What you should do => Repeat the lines from the one containing "Esther bringing the" through the last line of the data, exactly, pictures omitted.

Information supplied =>
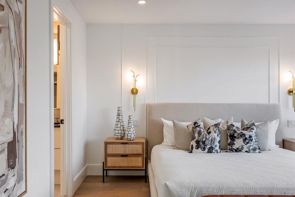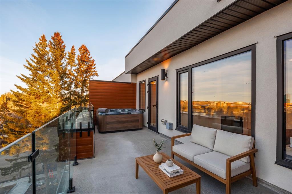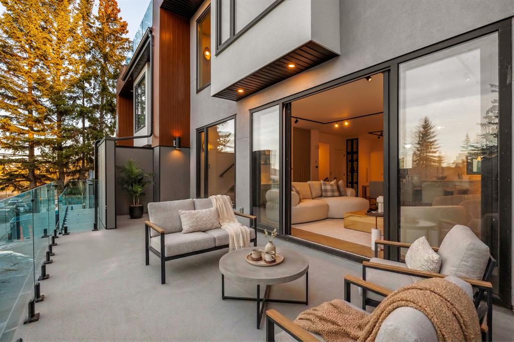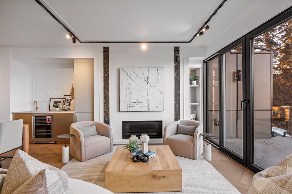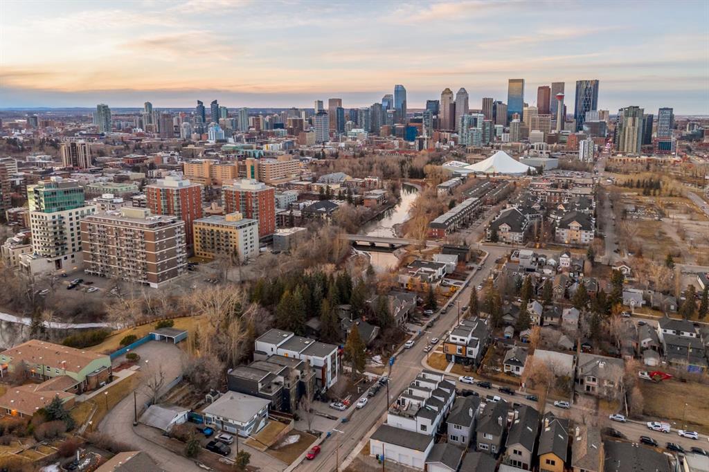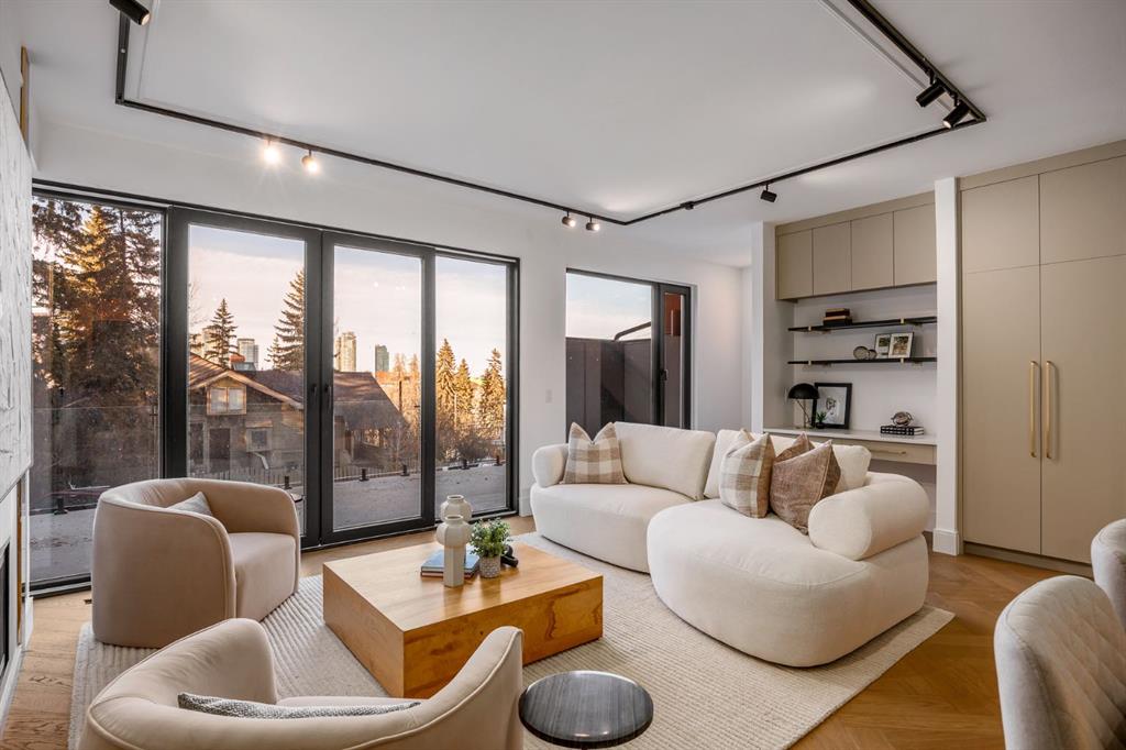Come fall in love at our Open Houses Saturday March 28th 11AM-2PM & Sunday March 29th 1PM-4PM. This three storey townhome incorporates modern-traditional interior design elements for a sophisticated and timeless aesthetic. Perched upon a hill in one of Calgary's most iconic river communities overlooking the picturesque skyline, this brand new unit is a culmination of high quality materials, thoughtful finishing selections, and grand inclusions. The attached triple car garage and private elevator are characteristic of the many luxurious additions strategically embedded within this home. The main floor layout includes a chef's kitchen with premium panel-ready appliances, dining room, living area with gas fireplace, powder room, wet bar, built-in desk area, main floor balcony with sweeping city views, and an outdoor BBQ deck at the rear. On the second level there are two bedrooms, each with walk-in closets and full ensuites, along with a large built-in laundry area with sink and shelving, and a versatile den. The third floor is occupied almost entirely by a spacious primary retreat with another gas fireplace, walk-in-closet, an attached 6 piece ensuite including a steam shower, air jetted tub, bidet, make-up vanity and in-floor heating, along with an additional wet bar, and a third level balcony (designed and loaded for a hot-tub) overlooking the city and nearby Elbow River. This intentional floorplan prioritizes comfort and convenience while maximizing utilization of space. Intricate millwork, ornate wall and ceiling mouldings, a curved, ribbed kitchen island, brush gold accents, 9 foot ceilings, and herringbone hardwood all work together seamlessly to emulate carefully curated beauty. With unrivalled cityscape views, this home is a testament to deluxe inner city living. Notable specifications include: quartz countertops, Spanish porcelain tile, engineered European Oak hardwood, custom designed casing/mouldings, designer light fixtures, LED backlit built-in bookcase, millwork built-ins, satin brass and matte black hardware, European style tilt and turn windows with ticker individual panes of glass, along with rough-in for a security system. The expansive epoxy finished garage also includes EV rough-in, a built-in closet space to be used as a mudroom, and the flexibility to convert a large portion at the rear into a home gym or workshop area in lieu of a third vehicle. This home is situated amongst the natural landscape of the river pathways and surrounded by some of the city's most notable landmarks in the peaceful community of Erlton. Quickly access the shopping and dining opportunities along 4th street, the brand new Convention Centre, Calgary Stampede Grounds, and get to the downtown core in minutes.
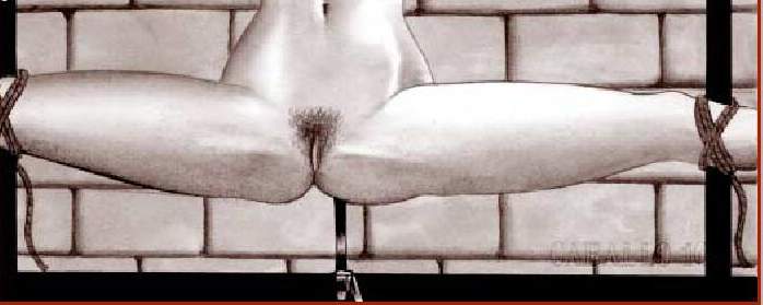 Esther bringing the crop up from under, hit Sabrina at the crotch. The girl in the frame screamed at the pain.
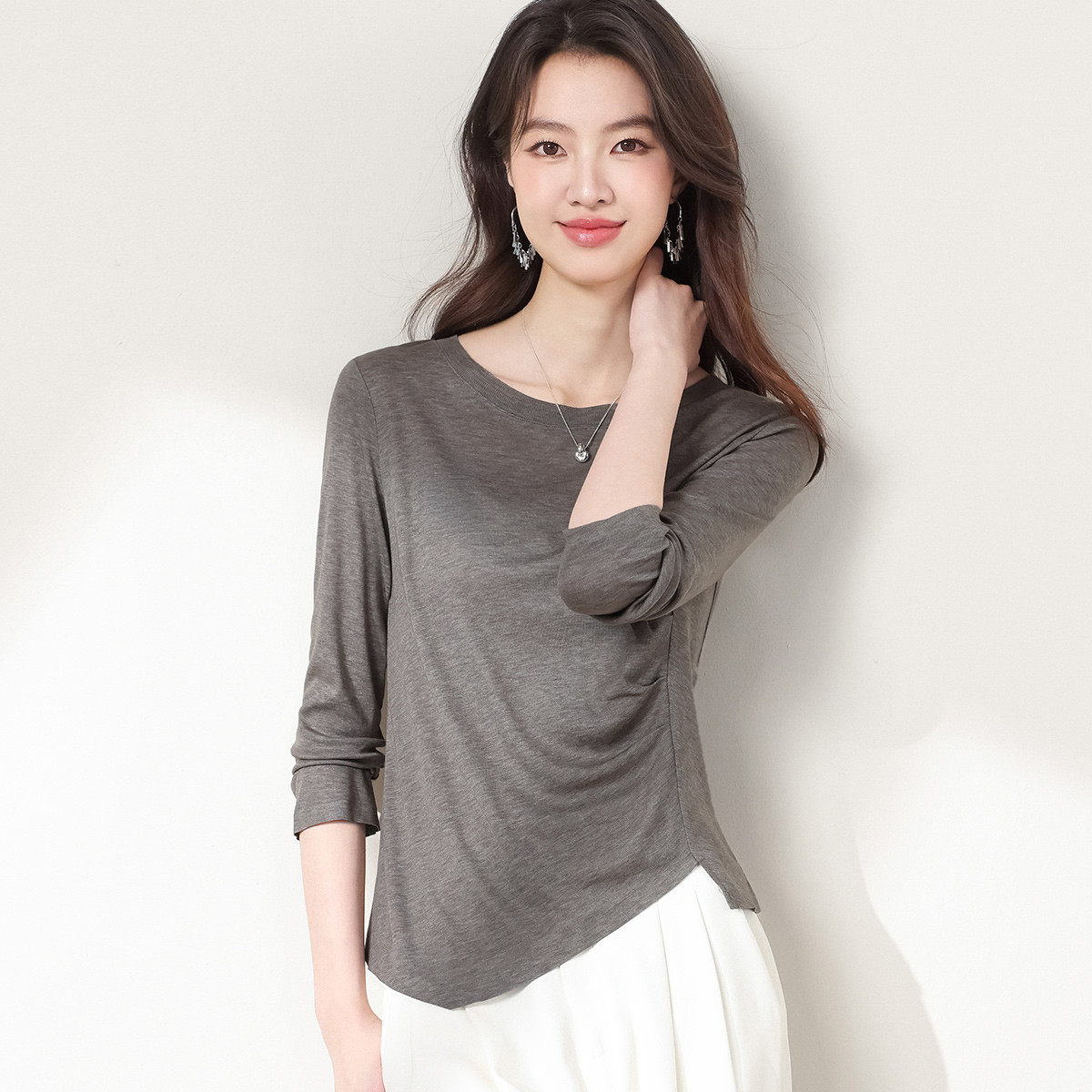 【含桑蚕丝】圆领纯色休闲针织打底衫长袖百搭针织套衫薄女式T恤 833427
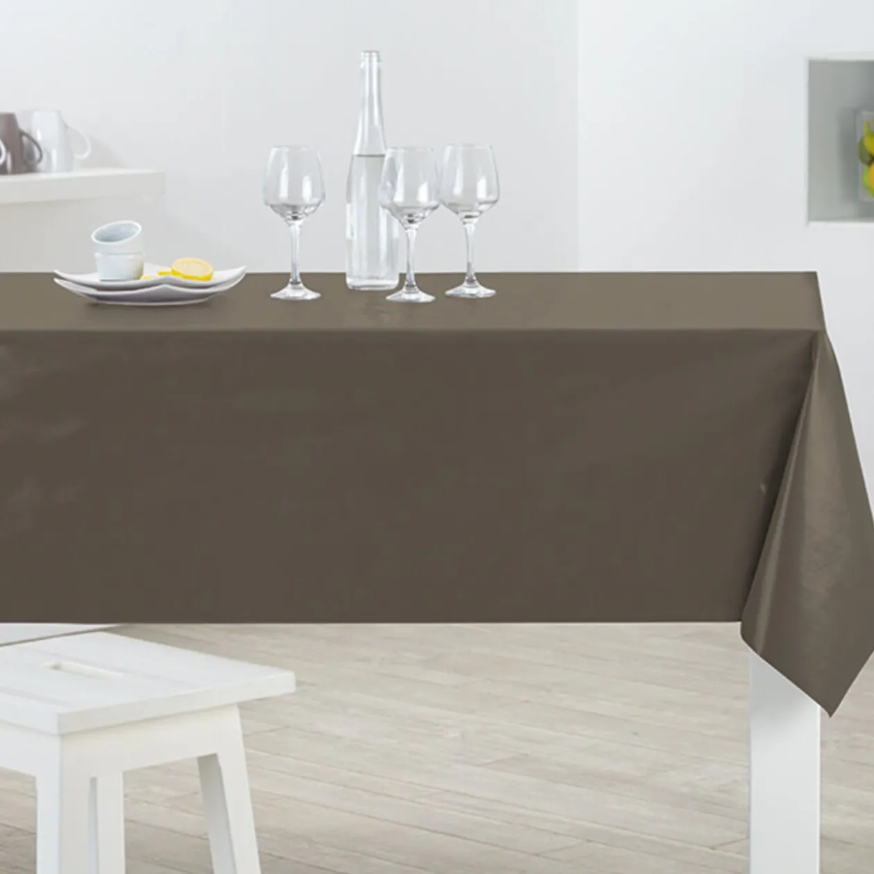 Nappe toile cirée rectangulaire unie beige, dim. 140×250 cm, plastique.

Exercise solution =>
 Esther bringing the crop up from under, hit Sabrina at the crotch. The girl in the frame screamed at the pain.
 【含桑蚕丝】圆领纯色休闲针织打底衫长袖百搭针织套衫薄女式T恤 833427
 Nappe toile cirée rectangulaire unie beige, dim. 140×250 cm, plastique.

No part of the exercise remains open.